Stored items:
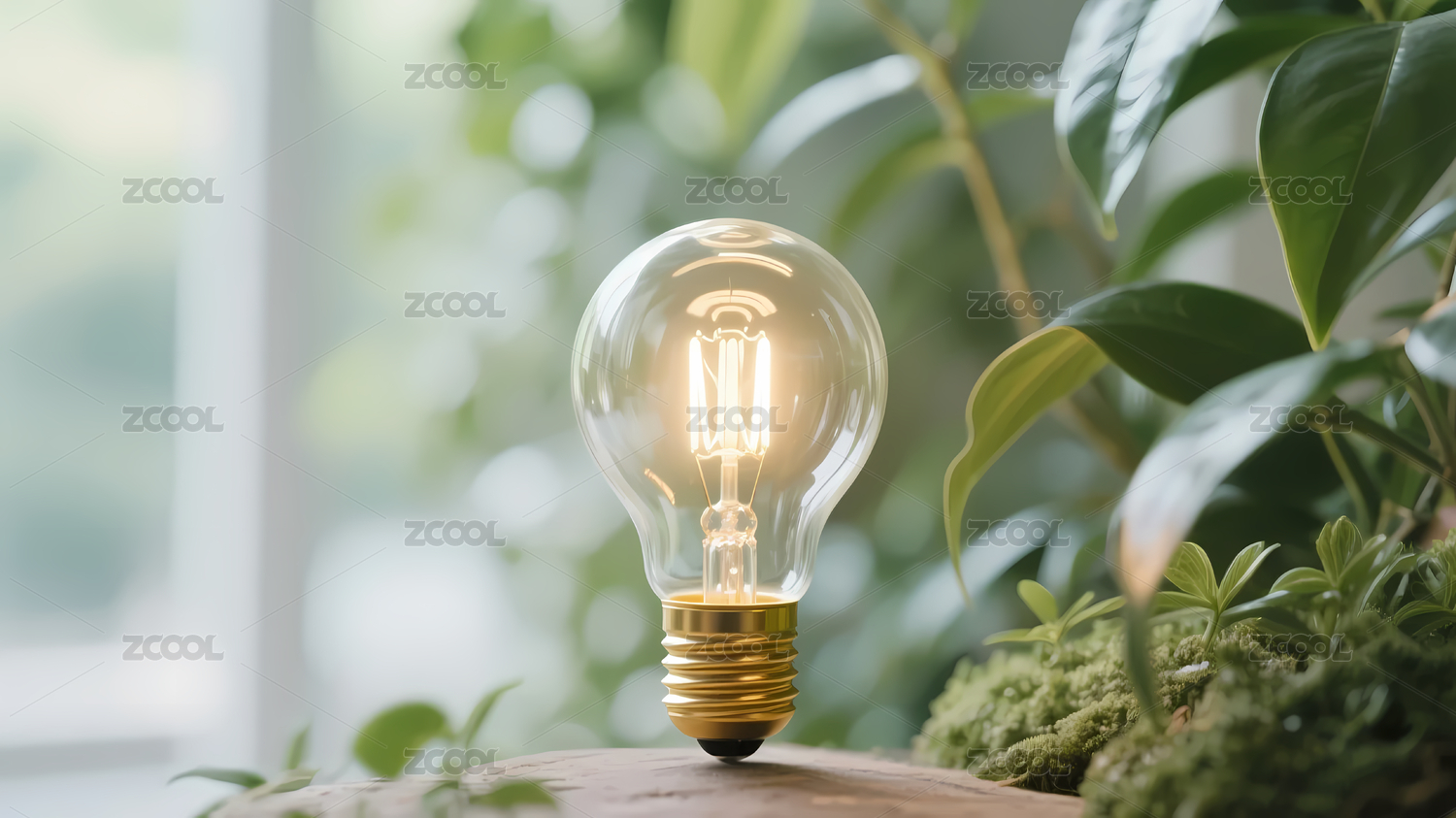 灯泡,电灯,灯丝,透明,玻璃,金属,底座,木质桌面,室内,光源
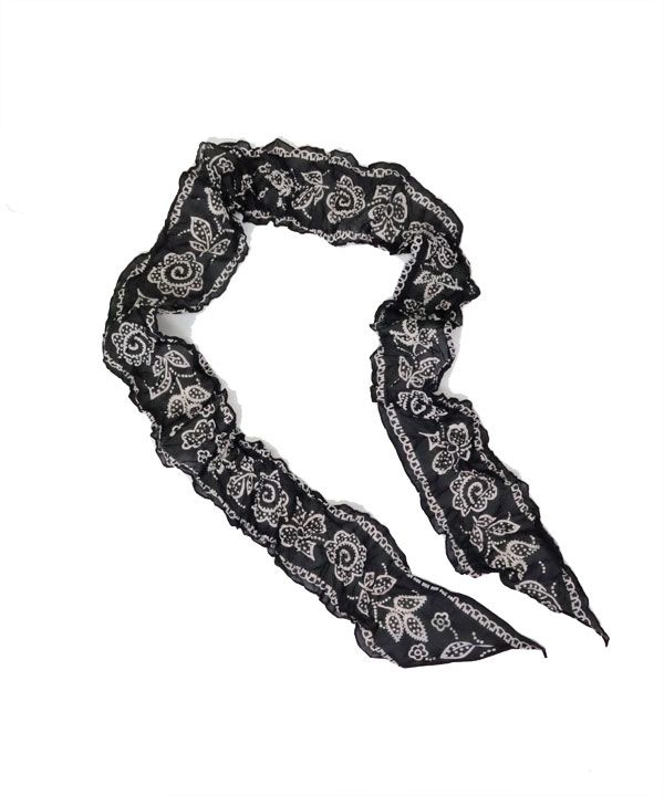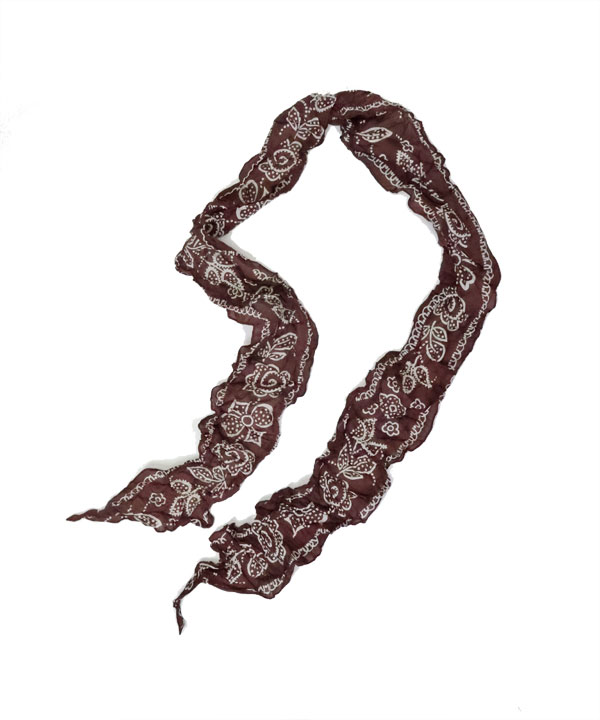 ワッシャーシルク モガスカーフ(エスカルゴフラワー)フラワー柄が程こされた長めのスカーフ。シルクをウォッシュしております。首元のワンポイントにお使いください。ワンサイズ展開長さ:175㎝
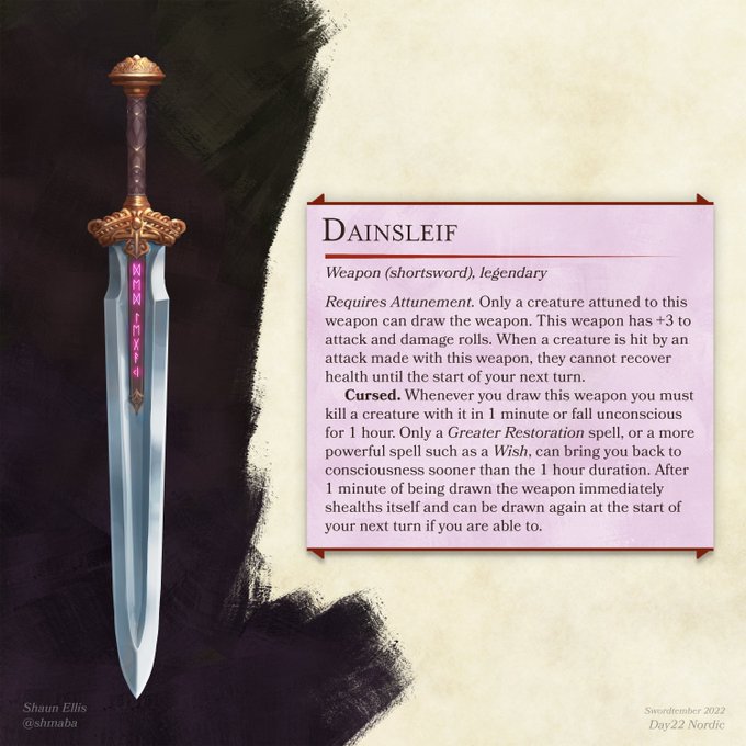 Day 22 - Nordic Alright I really didn't know what to do for this one so here's my own version of the weapon Norse myth Dainsleif. Legend said it *must* kill someone when drawn, so be sure to get that killing in quick #swordtember #swordtember2022 #dnd #dungeonsanddragons
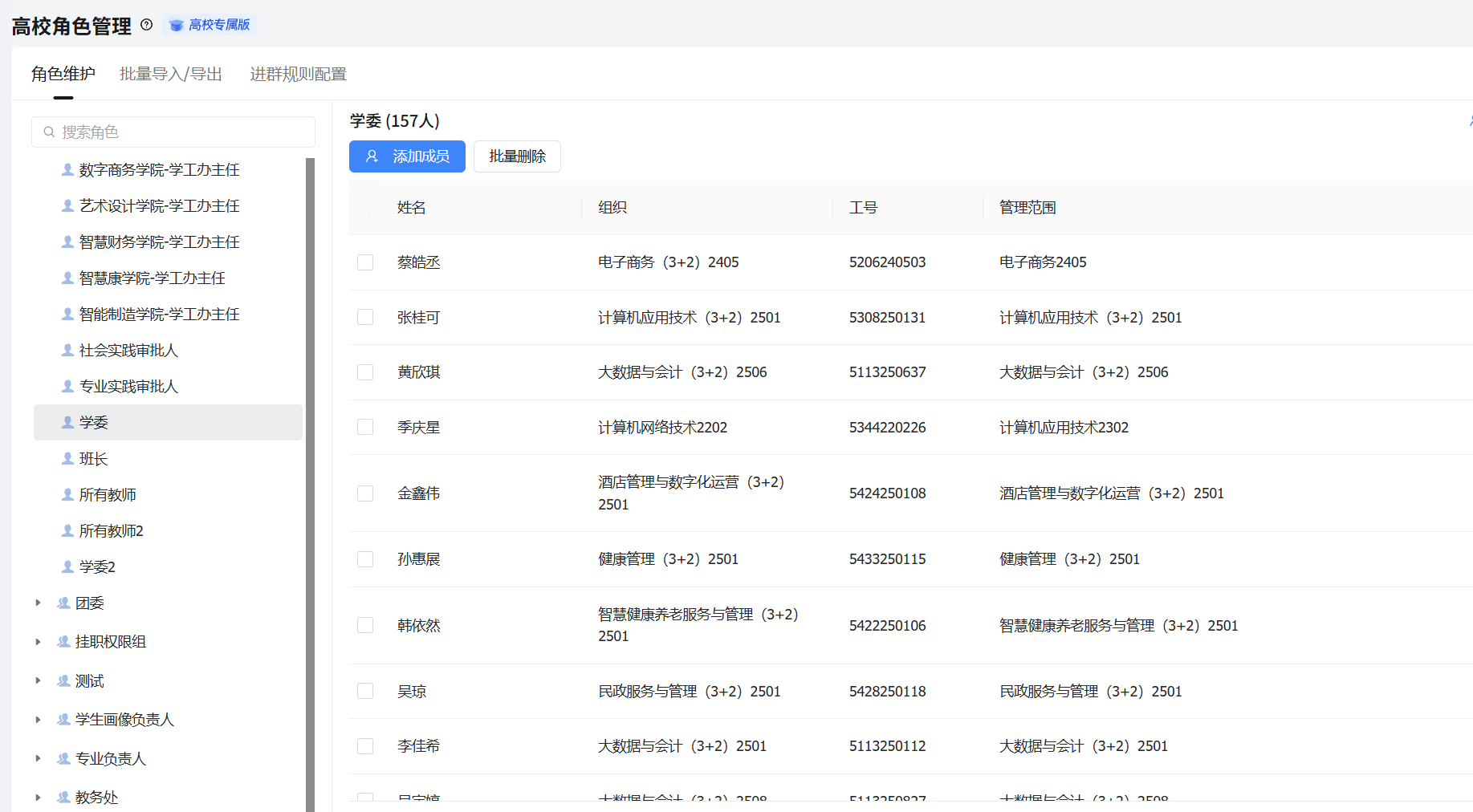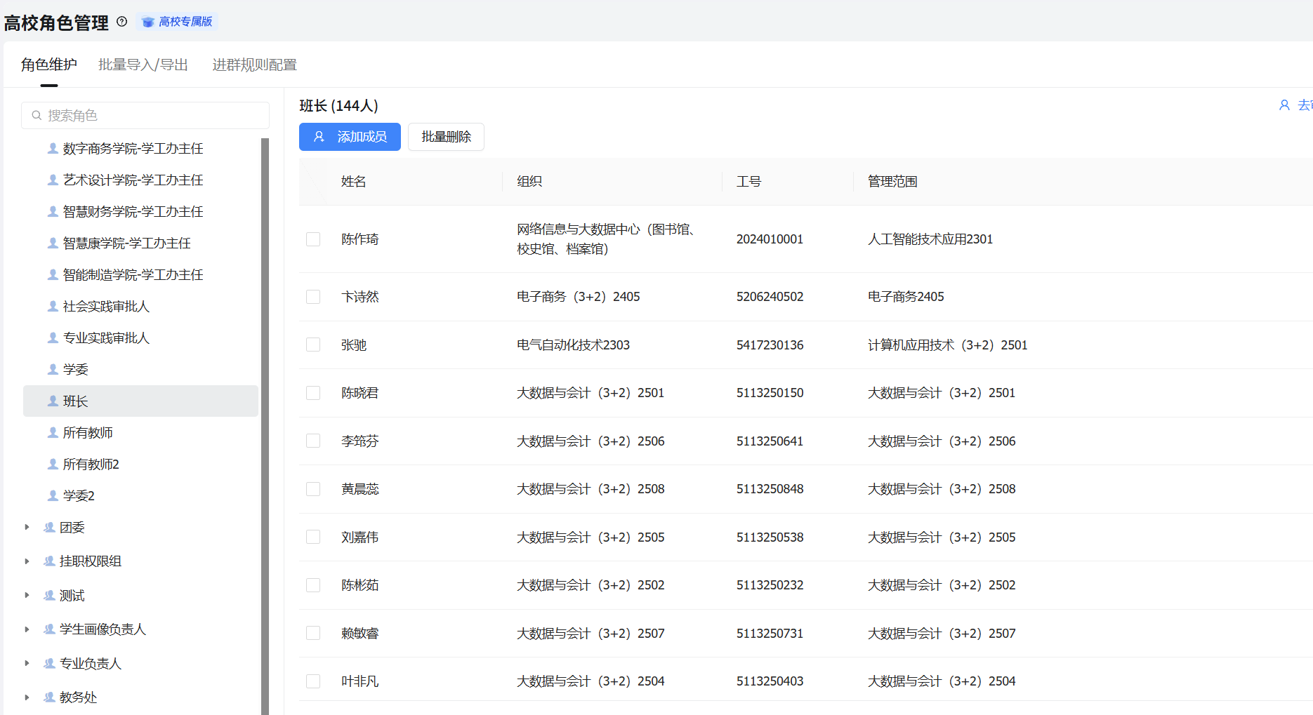 高校角色:完成宜搭平台组织架构角色精准同步,信息统一权威。
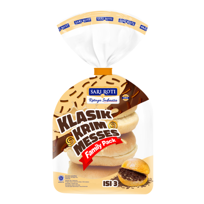 Merupakan roti dengan isi krim messes yang manis. Anda dapat menyantap roti isi krim cokelat messes ini sebagai santapan pengganti karbohidrat pada nasi. Nikmati kelezatan roti krim messes ini di sela-sela aktivitas Anda yang padat. Manisnya krim messes ini dapat Anda nikmati bersama, karena dalam 1 kemasan terdapat 3 buah roti yang bisa Anda sharing.

- What is needed -
Leave the pictures out. Transcribe exactly the lines from the one with "高校角色:完成宜搭平台组织架构角色精准同步,信息统一权威。" through the end of the records.

- Finished task -
 高校角色:完成宜搭平台组织架构角色精准同步,信息统一权威。
 Merupakan roti dengan isi krim messes yang manis. Anda dapat menyantap roti isi krim cokelat messes ini sebagai santapan pengganti karbohidrat pada nasi. Nikmati kelezatan roti krim messes ini di sela-sela aktivitas Anda yang padat. Manisnya krim messes ini dapat Anda nikmati bersama, karena dalam 1 kemasan terdapat 3 buah roti yang bisa Anda sharing.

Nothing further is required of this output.